I was a bit hesitant at first about having a blade with such hardness due to having to use a diamond sharpener, but I have found that natural stones work amazingly well. I use a 1000/6000 grit water whetstone for my blade and it brings it to beyond shaving sharp with little effort. I maintain my edge in the field with the Viking whetstone from Wazoo. Puukos are renowned for their fine carving ability and are traditionally known in Scandinavia as a graduation style blade for wood working. Many accidents have happened with puukos due to poor grip control while carving. As a matter of course, these knives have thin handles that provide no protection for a hand slipping over the blade.
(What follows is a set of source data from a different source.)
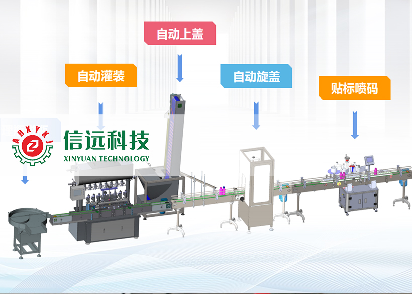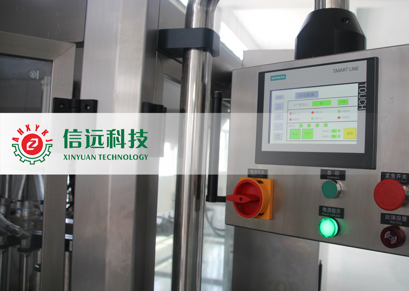 信遠(yuǎn)科技瓶裝液體全自動灌裝機(jī)組,由理瓶機(jī)、灌裝機(jī)、上蓋/旋蓋機(jī)和貼標(biāo)噴碼機(jī)組成??梢怨嘌b單瓶容量在50-1000ml范圍之間的液體物料,生產(chǎn)企業(yè)可以根據(jù)自己的需要,選擇不同型號的灌裝機(jī)和配套輔機(jī)。這套機(jī)組設(shè)備采用不銹鋼材質(zhì)設(shè)計(jì)制造,適用于食品、化工、醫(yī)藥等行業(yè)不帶氣體的流體、半流體物料的計(jì)量灌裝,具有自動完成理瓶、進(jìn)瓶、定位、灌裝、出瓶、上蓋、旋蓋、鋁箔封口、貼標(biāo)、噴碼等一系列功能。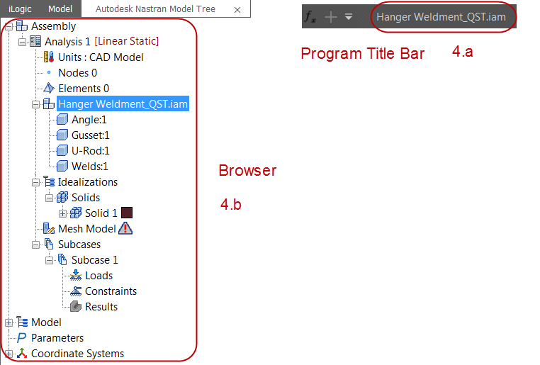 Inventor Nastran environment. The browser automatically shows the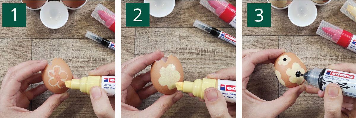 1. Πλένουμε εξωτερικά τα αυγά τα σπάμε περίπου στη μέση και τα αδειάζουμε προσεκτικά. Σχεδιάζουμε ένα περίγραμμα λουλουδιού με τον μαρκαδόρο edding 5000.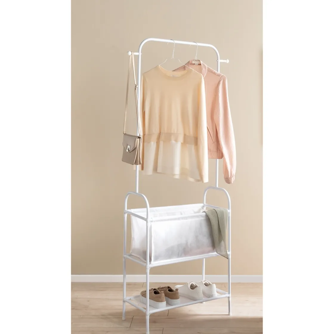Aufräumen leicht gemacht: Diese vielseitige Kleiderstange ist dank ihres schlichten Designs die perfekte Ergänzung in jedem Zuhause. Mit einem integrierten Aufbewahrungsfach und der praktischen Schuhablage bietet sie nicht nur Platz für Jacken & Co., sondern auch für Ihre Schuhe und Accessoires. Elegant und funktional zugleich schafft sie sofort mehr Ordnung und Übersicht. Mit praktischen Haken für Taschen, Schals u.v.m.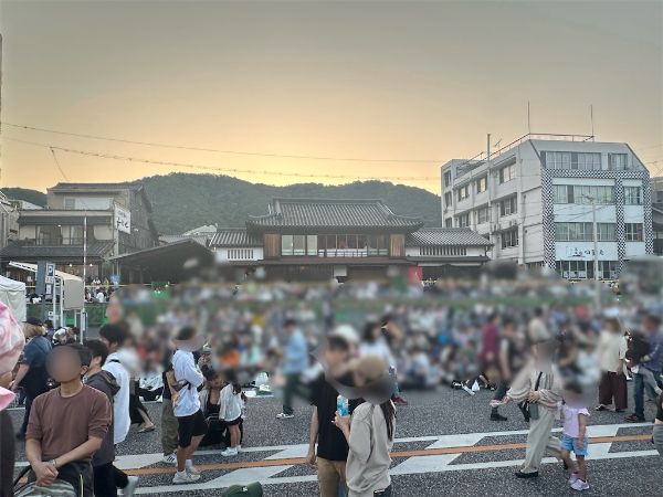 有料観覧席周辺の様子です。歩行者天国になった17時以降は鞆の浦一帯に人があふれてきました。花火の打ち上げ前には鞆の浦の伝統芸能の「アイヤ節」が披露され花火大会を一層盛り上げてくれます。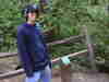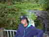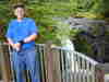 | Here is Kai, standing on Benson Bridge, while behind is the drop pool for the upper falls. This point is at elevation 120 feet, or up 100 feet from where we started. If you look closely, you can tell that the quantity of water actually flowing over the falls, and draining away below the bridge is quite small at this time of year. | ![]() | ||||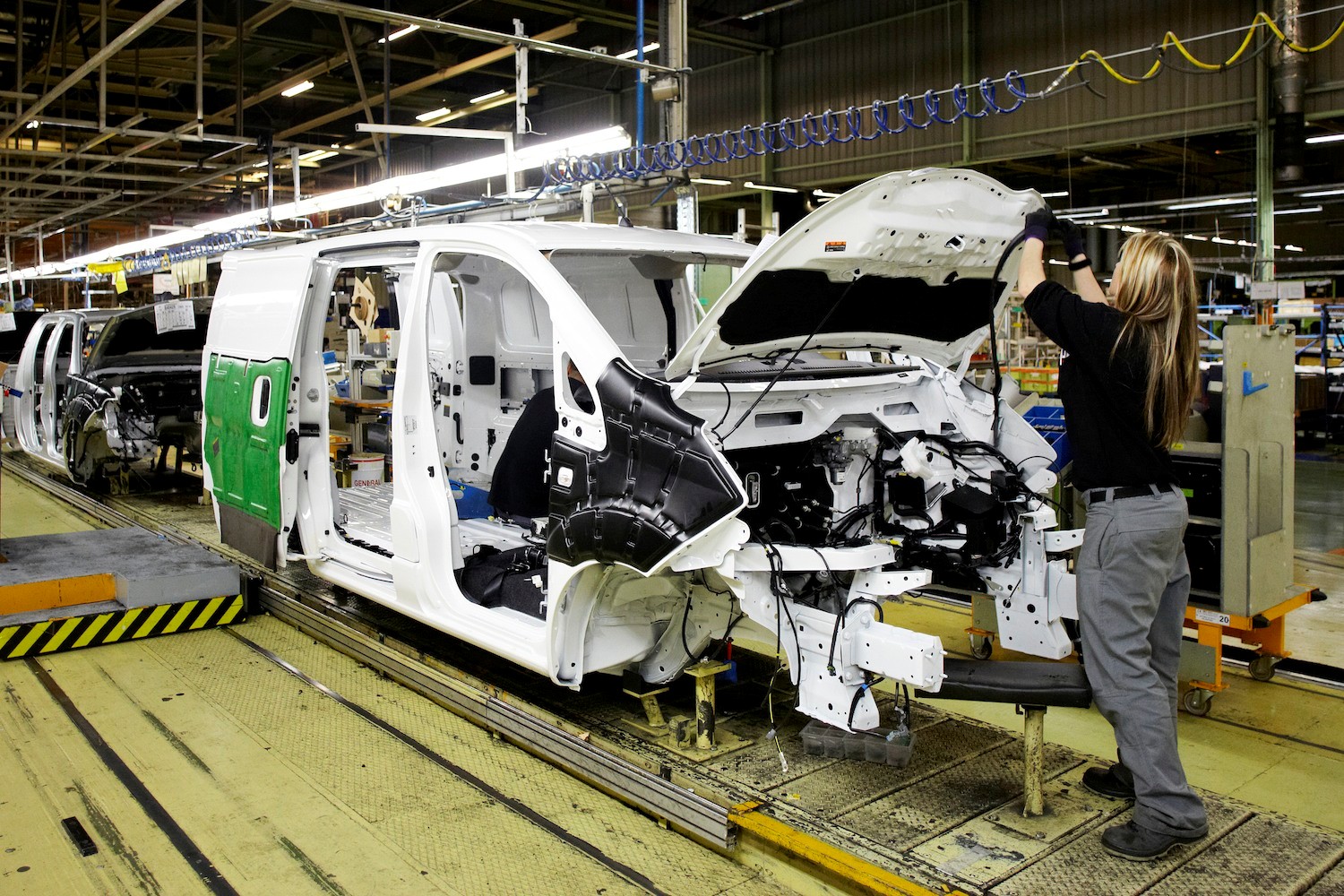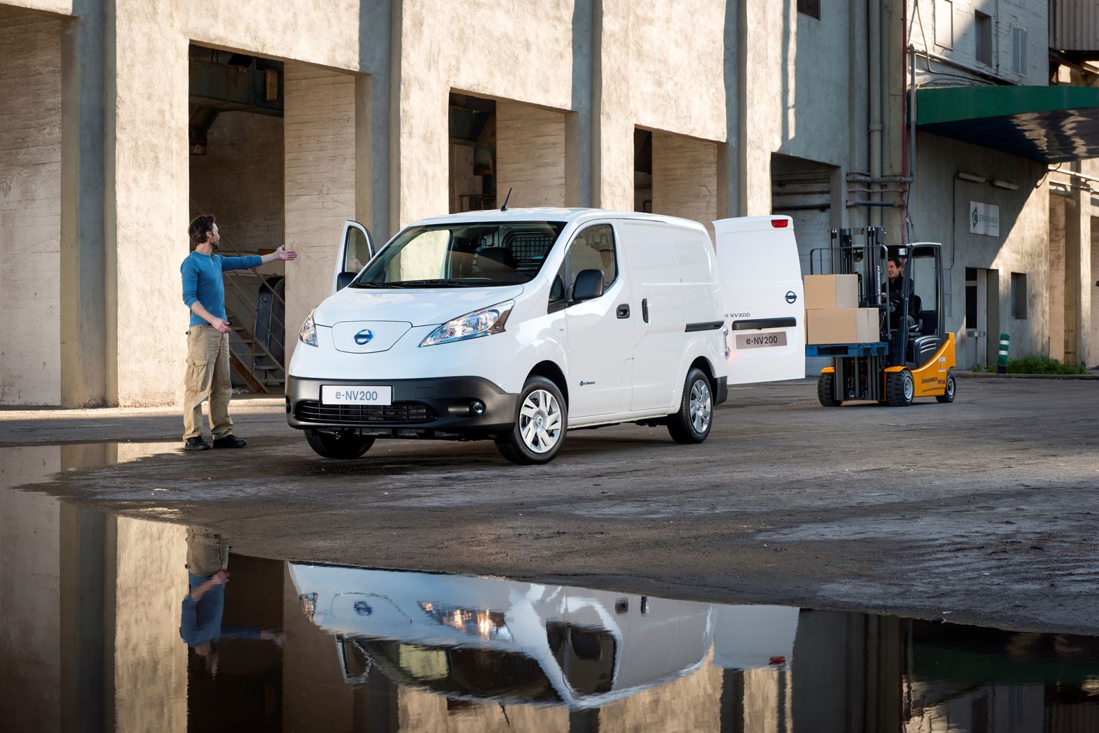 Az első kiszállítások júniusban indulhatnak, a termelés felfutása folyamatos, és Japánba is innen fognak eljutni a jobbkormányos e-NV200 modellek. A kisteher nem csak a gyártóhelyén osztozik a Leaffel, de annak hajtásláncát is megkapta. A robbanómotoros változat tárolókapacitását 170 km-re elengedő környezetbarát használattal tudták kombinálni, legalábbis a szabvány mérési ciklus szerint. A gyakorlatban elsősorban városi használtra lehet alkalmas, ott viszont kiváló, mind személy-, mind áruszállítására és mindezt nulla helyi emisszióval. Villanymotorja 80 kW (109 lóerő) teljesítményű, teljes egészében össze van építve az akkutöltő és az inverter egységgel.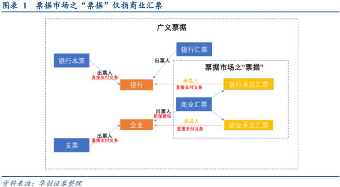 通常所称票据市场的“票据”是狭义票据,特指商业汇票,即出票人为企业和其他组织的汇票,与银行汇票、银行本票、支票等广义票据无关。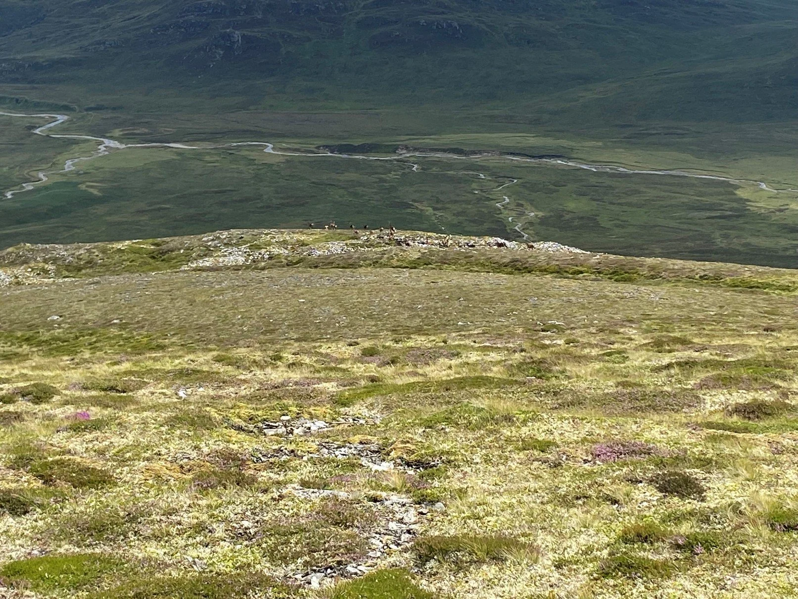 Following lunch, and a decision to stick together for a southern return loop, the cloud lifted and we were treated to views around the Monadhliadh and across to the Drumochter Hills. Descending over Carn Macoul we surprised 20-head of Red Deer (can you spot them?) because the wind was in our favour. There were also plenty of wild flowers including Harebell and Bog Asphodel to complement the shades of heather (ling, bell, and the decline of the cross-leafed heath). The steep descent through Bog Myrtle took us to the Allt an Lochain Duibh and the River Calder for a steady pace back to the cars in sunshine. May’s conviction of always taking sunglasses certainly paid off.

Heimo designed his 40th anniversary knife unique compared to common puukos, having a handle that enables the user to perform heavy duty tasks safely. I consider this a true Bushcraft knife because of the combination of its blade strength, fine carving ability, and beefy handle that provides grip control even in the hands of the amateur Bushcrafter.
The Farmer Alox by Victorinox
– Picked by Casey Deming –
The Alox Farmer from Victorinox is technically a multitool and not specifically a Bushcraft knife BUT it is most likely the most handy blade I carry with me every time I go to the woods. The Farmer only weighs 3oz and is a whopping 3.7″ which makes it the smallest and lightest knife on our list.
Two of the most useful Bushcraft features on the Farmer would be the saw and awl. The saw is the perfect size for small tasks around camp like making camp hooks, trimming small tree limbs or processing tinder. The awl is the best tool to properly make holes through things like sticks for lashing, canvas tarps for lashing points or divots on a baring block.